Cosmic Balance Review
Developed by Strategic Simulations (Part of the RapidFire line)
Review By Chris Smith
The Space Gamer #59 (January 1983)

Designed by Paul Murray
Twenty-nine page rulebook, disk, four lines of errata
Ships may be saved

This is a standard game of starship-to-starship combat, complete with phasers, photons, ECM, shields, and various other chrome. The difference between this game and some others comes before combat: You design your own ships. Construction rules are somewhat more complex than the combat rules, but with a little patience and a lot of practice you'll be turning out a winning combination every time you sit down.

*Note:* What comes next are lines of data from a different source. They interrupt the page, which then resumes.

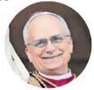
Papa León XIV
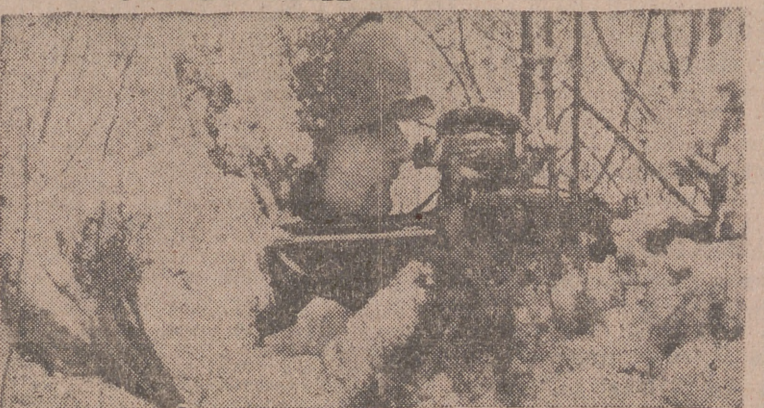
Invisible para el enemigo, vamos a este soldado, en su puesto de vigilancia, con su «anorak» de piel cubierto de nieve.
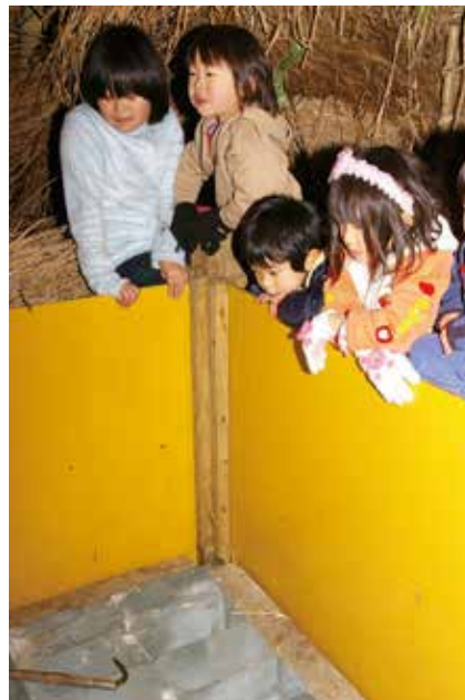
▶ 氷室の中に納められる氷に興味津々!!
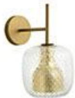
Applique en laiton -100€ AMPM
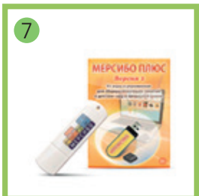
Программно-дидактический комплекс "Мерсибо Плюс" - 1 комп.
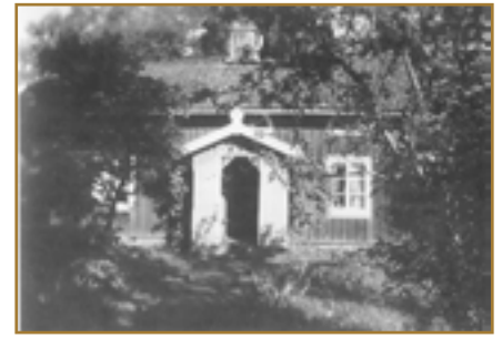
Stenstorp, Sjölanders hem.

rum i Stenstorp. När det gällde att måla de stora altartavlorna bereddes han dock möjlighet att använda ett större utrymme på Bredgården.
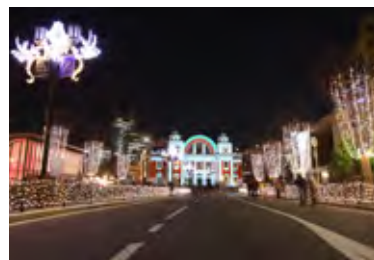
*前年までの実施風景
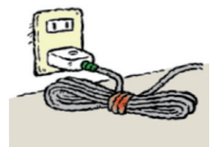
コードを束ねて使うのはやめましょう。
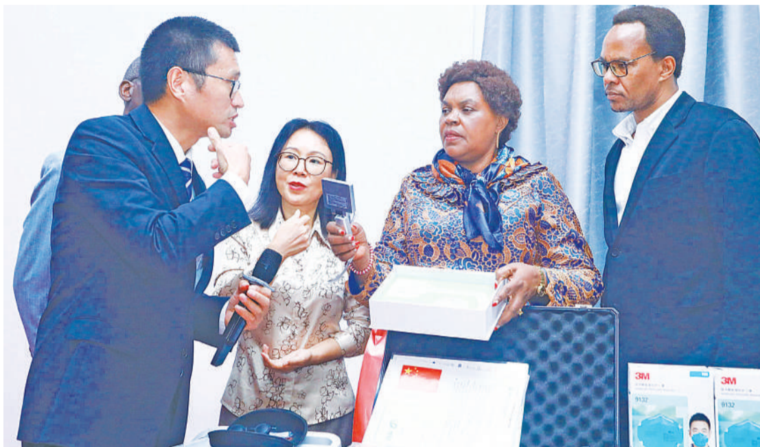
Waziri wa Afya, Jenista Mhagama katika tukio la kupokea msaada wa vifaa tiba kutoka China, vyenye thamani ya Shilingi milioni 125, vilivyokabidhiwa katika Hospitali ya Taifa Muhimbili, Dar es Salaam Januari 24, 2025.

Mheshimiwa Rais Dk. Samia Suluhu Hassan amewezesha usimikwaji wa mashine tatu za 'Cathlab carto' kwa ajili ya upasuaji kwa njia ya tundu dogo.
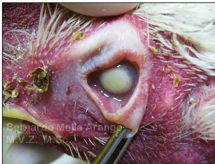
Imagen N° 1. Queratitis y micosis oculares. Gallina de 27 semanas de edad procedente de un lote de 33.400 animales de los cuales fueron remitidos cinco para exámenes de laboratorio porque ocasionalmente se encontraban aves con síntomas respiratorios y lesiones oculares. La córnea conserva su aspecto liso y brillante. Muy probablemente la infección que se observa en la cámara anterior del ojo, llegó allí vía hemática.
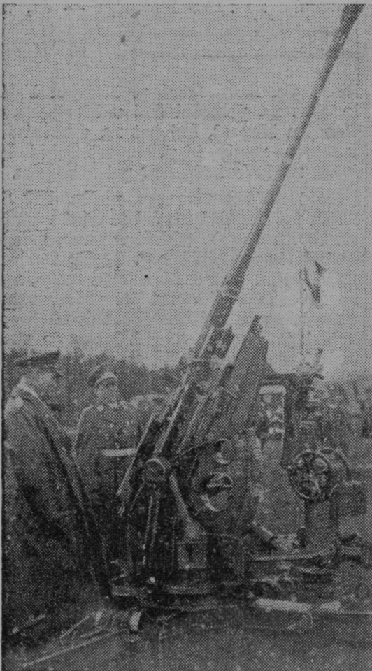
Najnovejši proliletalski top v Nemčiji.
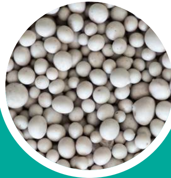
Азотные и сложные удобрения

Более 30 видов продукции, которая пользуется спросом в сельском хозяйстве и многих отраслях промышленности
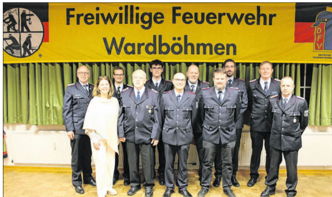
Die Freiwillige Feuerwehr Wardböhlen lud zur Jahreshauptversammlung.
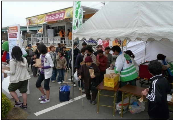
吉野川ハイウェイオアシス
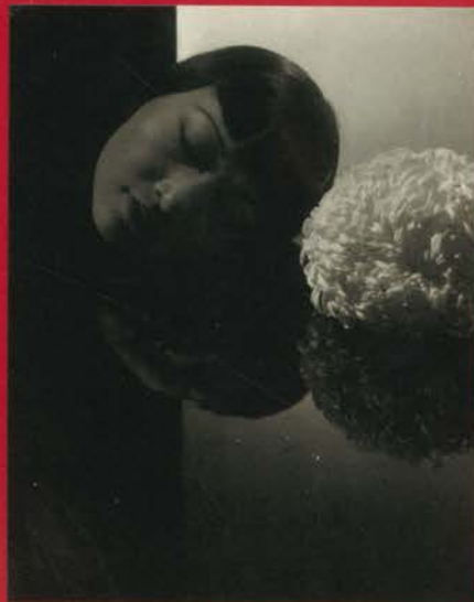
Anna May Wong, 1930

25 de junio de 2008 - 22 de septiembre de 2008
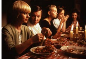
Milou en mai
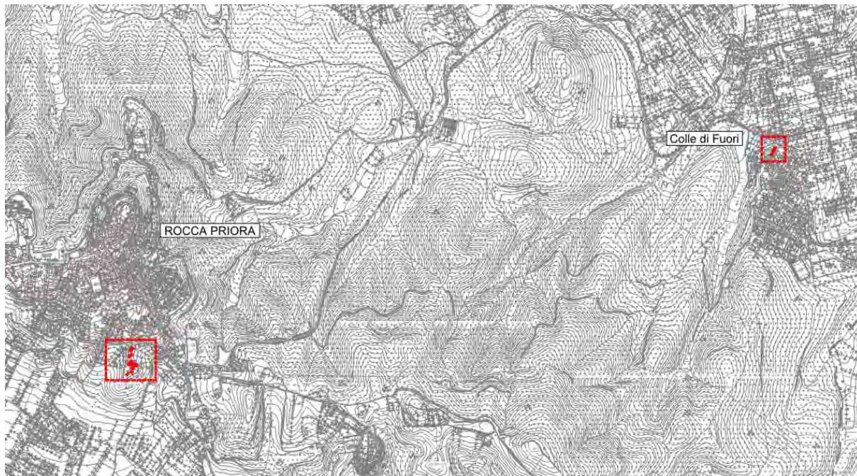
Figura 1. Immobili oggetto di intervento su C.T.R.

Gli immobili gestiti dall'ATER nel Comune di Rocca Priora ed oggetto di intervento sono individuati nella planimetria di seguito riportata
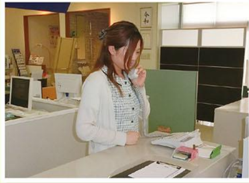
2 地震発生! 外勤社員へ事務所へ戻るように連絡
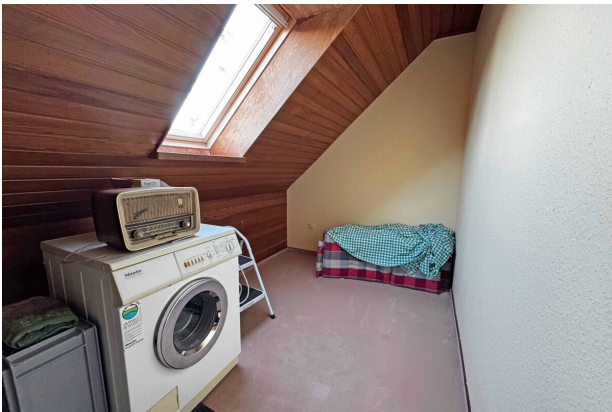
Zimmer 3 DG
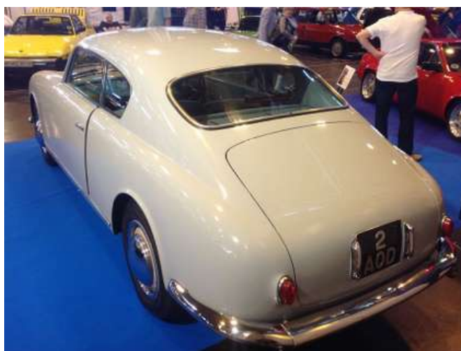
Avec la B20, Lancia a collectionné les succès en compétition.

Destinée aux esthètes, l'Aurelia est dotée d'un V6. Un choix franchement novateur à l'époque. En effet ce V6 ouvert à 60° est le premier à être monté en série après de longues études menées par l'ingénieur de Virgilio. Sa cylindrée d'abord fixée à deux litres pour 75 ch sera portée par la suite à 2,5 litres et développera jusqu'à 118 ch. La firme NARDI proposera aux amateurs des accessoires pour améliorer les performances : levier au plancher, carburateurs spéciaux etc.
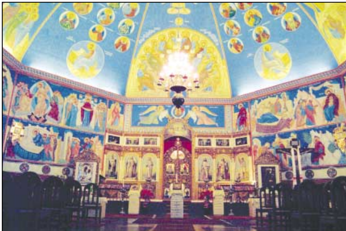
Profeetta Elian kirkko kutsuu muun muassa uusia laulajia.
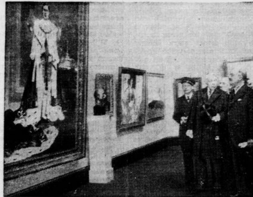
Prezident Francije ogleduje v Parizu razstavo s portretom angleškega kralja Jurija VI. Sliko je izvršil slikar John Lander
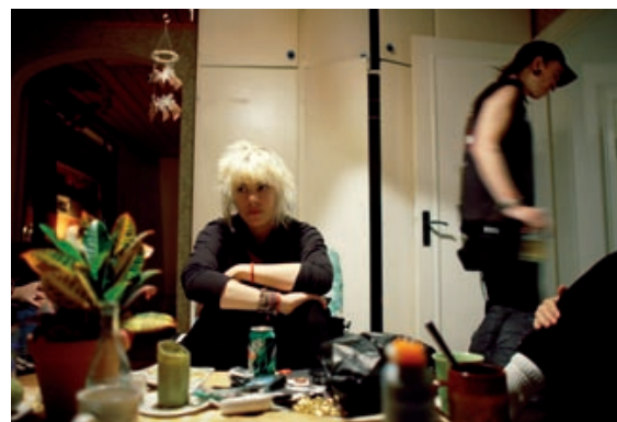
Till läns. Det är inte deras hus egentligen. Men det blir deras hem. Tio personer bor här permanent, många fler sover över varje natt.
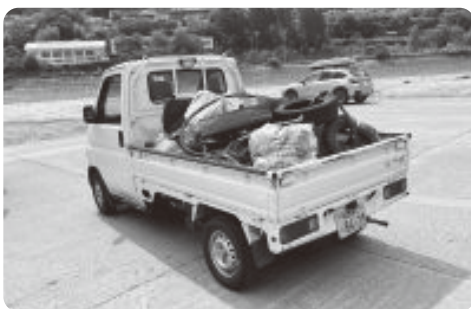
軽トラ1台分のゴミが集まりました

新型コロナウイルス感染症対策などにより、天竜川沿いの清掃活動は令和元年度以来となりましたが、近年問題となっているプラスチックごみなどの海洋流出防止に向け、来年度以降も環境美化活動を継続しますので、みなさんのご協力をお願いいたします。

But then you'll find out that no winner is sure-fire. A ship's main strengths are speed, offense, and defense, and you simply can't boost one without sacrificing one or both of the others.

The ship construction program itself is very user-friendly. Single key strokes are used wherever possible, eliminating the need to use the return key excessively. The ship designer must pay attention to shield strength, weapons capabilities, engine size, and (unlike most other such games) breathing space for the crew. One thing which is stressed in the instruction manual is that a happy crew is an efficient crew; the more room they have, the better overall performance of your ship.

Entering the actual combat portion of the program, you will find commands which allow you to allocate energy to the various ship systems in order to maneuver, fire weapons, reenergize shields, put up ECM screens, utilize ECCM, and launch guided weapons such as fighters and seekers. After entering your commands, you sit back and watch the action play out, centering on the ship of your choice at the scale of your choice. The animation is very passable and is much better than the standard "disappear, move X up and Y left, reappear," which is the norm for this type of game.

The ship building is the main point of the game for me. The battlefield is simply a test bench that tells you what you need to improve your design. Although winning a battle requires skill as well as a good ship, I have seen enough of this type of game, minus the construction routines, to be more interested in the actual ship design than the rest of the program.